Google announced it will open source Magika, an artificial intelligence (AI)-powered tool for identifying file types, to help defenders accurately detect binary and text file types.

“Magika outperforms traditional file identification methods, delivering an overall 30% improvement in accuracy for traditionally difficult-to-identify but potentially problematic content such as VBA, JavaScript, and Powershell, with up to 95 % accuracy has been improved,” the company said.

The software uses a “highly optimized custom deep learning model” that can accurately identify file types within milliseconds. Magika uses Open Neural Network Exchange (ONNX) to implement inference functionality.

Google said it uses Magika extensively internally to improve user safety by routing Gmail, Drive, and Safe Browsing files to the appropriate security and content policy scanners.

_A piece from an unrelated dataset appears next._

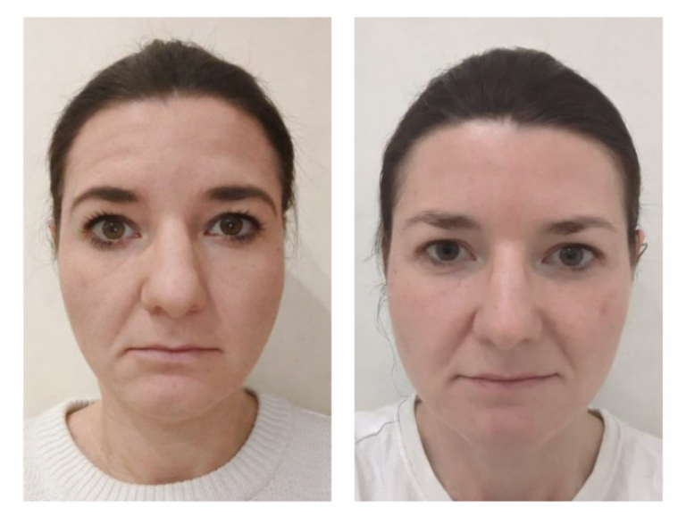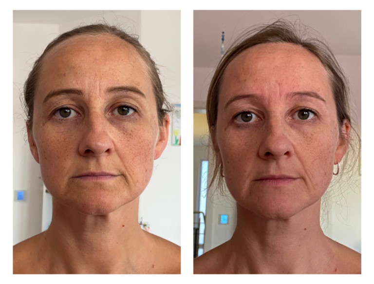 Erst durch Face Yoga sowie gezielte Faszien- und Lympharbeit veränderte sich mein Gesicht sichtbar: ein offenerer Blick, eine entspannte Stirn, klarere Konturen.

In November 2023, the tech giant announced RETVec (short for Resilient and Efficient Text Vectorizer), a multilingual text processing model for detecting potentially harmful content such as spam and malicious emails in Gmail. Did.

Google deploys AI at scale as debate continues over the risks of rapidly evolving technology and its misuse by state actors linked to Russia, China, Iran, and North Korea to step up their hacking operations He said this could strengthen digital security and create a “slope”. Cybersecurity balance from attacker to defender. ”

We also highlighted the need for a balanced regulatory approach to the use and deployment of AI to avoid a future where attackers can innovate but defenders are constrained by their AI governance choices.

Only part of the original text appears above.